You are most welcome, and I was happy to do it. Something happened between 1975 and 1985 in that it appears that the awareness of a whole decade of music was lost. I was often surprised that people just a few years younger than I had absolutely no knowledge of the music I love. It seems a shame.

Great comic, by the way! I laughed out loud.

GreenCanary said...

Yo! If you want an education in today's music, I'd be happy to pitch in. In return, you can expose me to that which was popular before my time ;-)

Gilahi said...

Canary - Thanks. My wife has always stayed much more in tune with current music than I have, so every time I ride in the car with her I get subjected to it, er, that is, I get to listen to it. Still, I can't tell Nickelback from Train. I have recently stumbled upon Ozric Tentacles and Flogging Molly, both of whom I really like. The latest album from The Waifs is pretty tasty too.

NG said...

I'm more a child of the 80s live music scene myself since that's when I was in high school so I haven't seen many of these bands in concert. But I'm proud to say I know every one of these groups and owned most of the albums. Thanks for the great ride down memory lane.

Gilahi said...

NG - I am SO impressed. You've restored my faith in your generation. I recall once proudly announcing to someone who was probably close to your age that I'd just gotten "In-A-Gadda-Da-Vida" on CD, and her response was, "Who are they?" Glad to find out that she wasn't completely representative.

The Diarist said...

I'm a music sponge (as you can probably tell from my music posts), but my true love in music lies in many of the acts you've listed (yes, I am familiar with all of their works). There may be a very small handful, like Gerber Baby handfuls, of musicians today who produce the level of quality music that these artists produced during their time in the studio.

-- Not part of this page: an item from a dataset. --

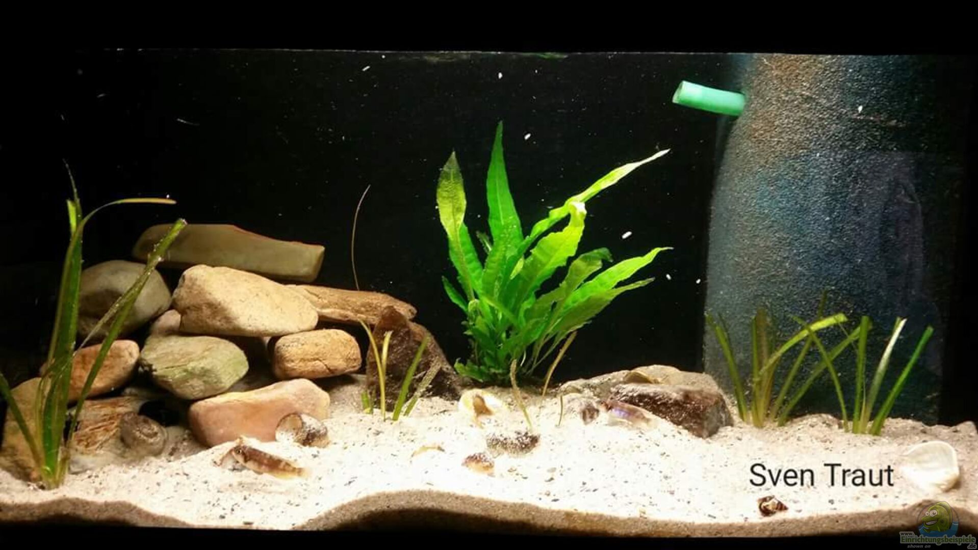 Standar Glasbecken der Firma Eheim.Die Rück und Seitenscheiben habe ich mit schwarzer Tafelfolie beklebt.Als Abdeckung nutze ich nur eine Glasscheibe.

Does that mean that I fear for the future of music? Not at all. Life is cyclical and good writing will return with the revenge of a guitar god.

Gilahi said...

Diarist - I've been pleased the people who have told me that they knew all these groups. I don't feel like such a loner now.

Unlike you, though, I do fear for the future of popular music. MTV, videos, the iPod, I fear that all of these have contributed to a horrid downward spiral in the quality (though certainly not the quantity) of music today, and I don't see it getting much better. As mentioned elsewhere, I have recently discovered Ozric Tentacles and Flogging Molly, and I find them to be wonderful, if rare, ports in a storm. The Waifs make some good music, but what's on radio and TV these days is just bland when it's not downright irritating.

The Diarist said...

I place a lot of that blame on the record companies. Over the last 30-ish years, they more than any other force have contributed to the "decline" of music by shoving musicians to the darkest corners and promoting the likes of Britney Spears. Our saving light is that many of the solid bands emerging today (writing and playing music with quality reminiscent of the days of yore) and many of the ... er, rock pantheon? ... such as Prince are foregoing the traditional companies and exploring other avenues to get real music to the masses. This little side-step allows these musicians to maintain their respect, credibility, and control of their music. (Which in turn is what keeps my faith in the future of music alive.)

Gilahi said...

I certainly agree with you about the record companies. Much like book publishers, there's a whole if-it-doesn't-make-a-ton-of-money-as-soon-as-it's-released-then-we-don't-want-it mentality. Add that to the fact that the record companies (interesting that we still call them that) are largely owned by the same folks that own the airwaves, and you have a recipe for pablum.